Dataset content START

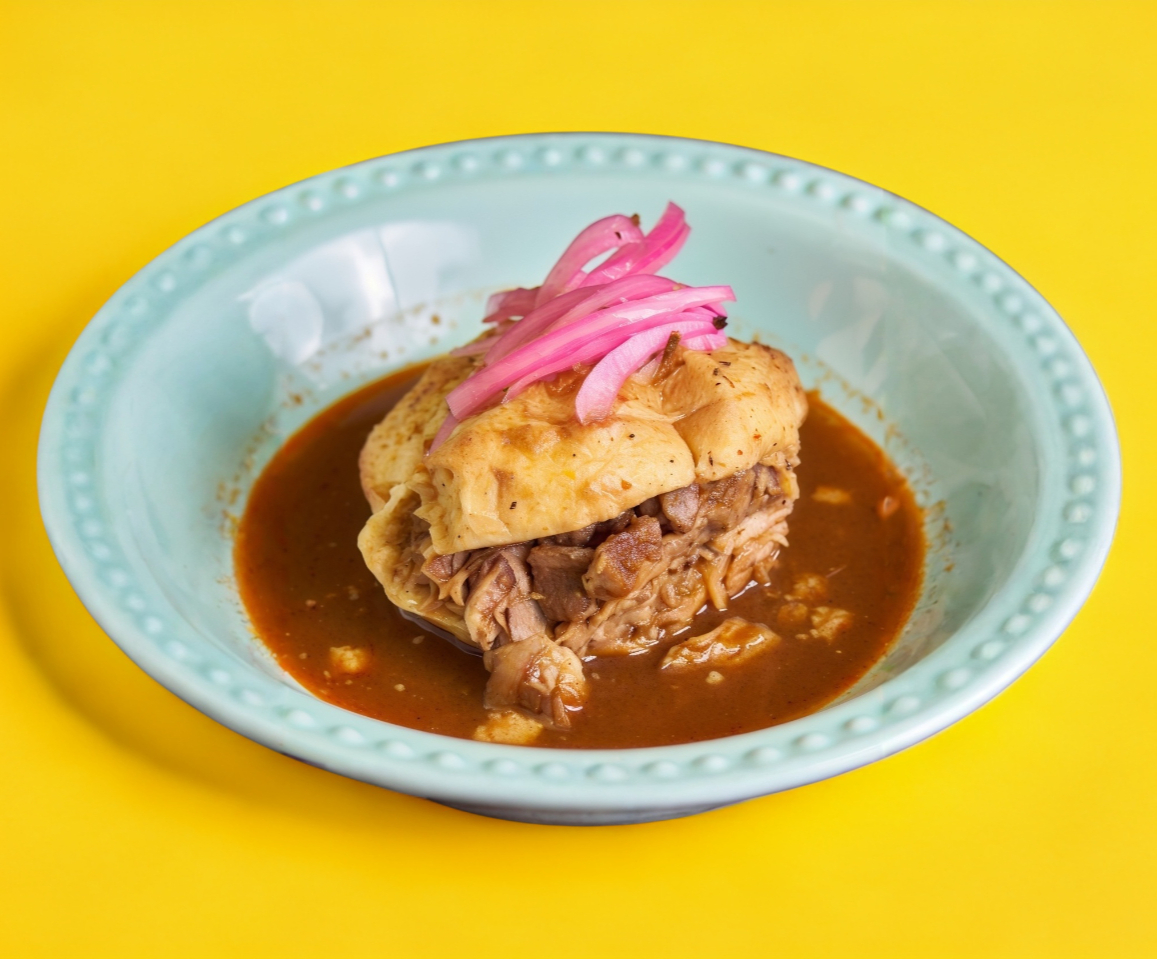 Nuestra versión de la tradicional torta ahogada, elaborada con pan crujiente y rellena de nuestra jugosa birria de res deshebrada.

Dataset content END
Dataset content START

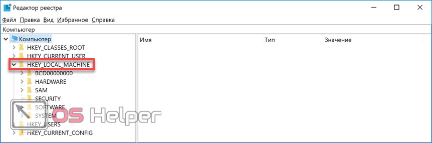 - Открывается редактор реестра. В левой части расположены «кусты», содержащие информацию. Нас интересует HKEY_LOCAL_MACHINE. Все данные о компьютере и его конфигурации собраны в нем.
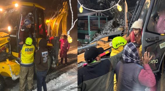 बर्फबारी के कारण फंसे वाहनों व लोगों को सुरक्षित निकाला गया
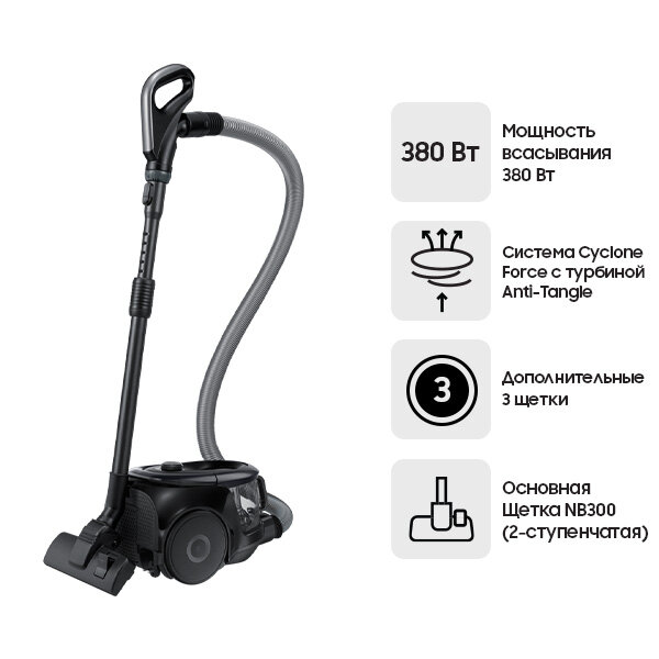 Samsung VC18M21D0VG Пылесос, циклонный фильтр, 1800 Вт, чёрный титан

Dataset content END

What needs to be done
Nothing but the lines above, starting at the line that contains "- Открывается редактор" and ending at the line that contains "Samsung VC18M21D0VG Пылесос, циклонный", should be given again, exactly and without the pictures.

Exercise response
 - Открывается редактор реестра. В левой части расположены «кусты», содержащие информацию. Нас интересует HKEY_LOCAL_MACHINE. Все данные о компьютере и его конфигурации собраны в нем.
 बर्फबारी के कारण फंसे वाहनों व लोगों को सुरक्षित निकाला गया
 Samsung VC18M21D0VG Пылесос, циклонный фильтр, 1800 Вт, чёрный титан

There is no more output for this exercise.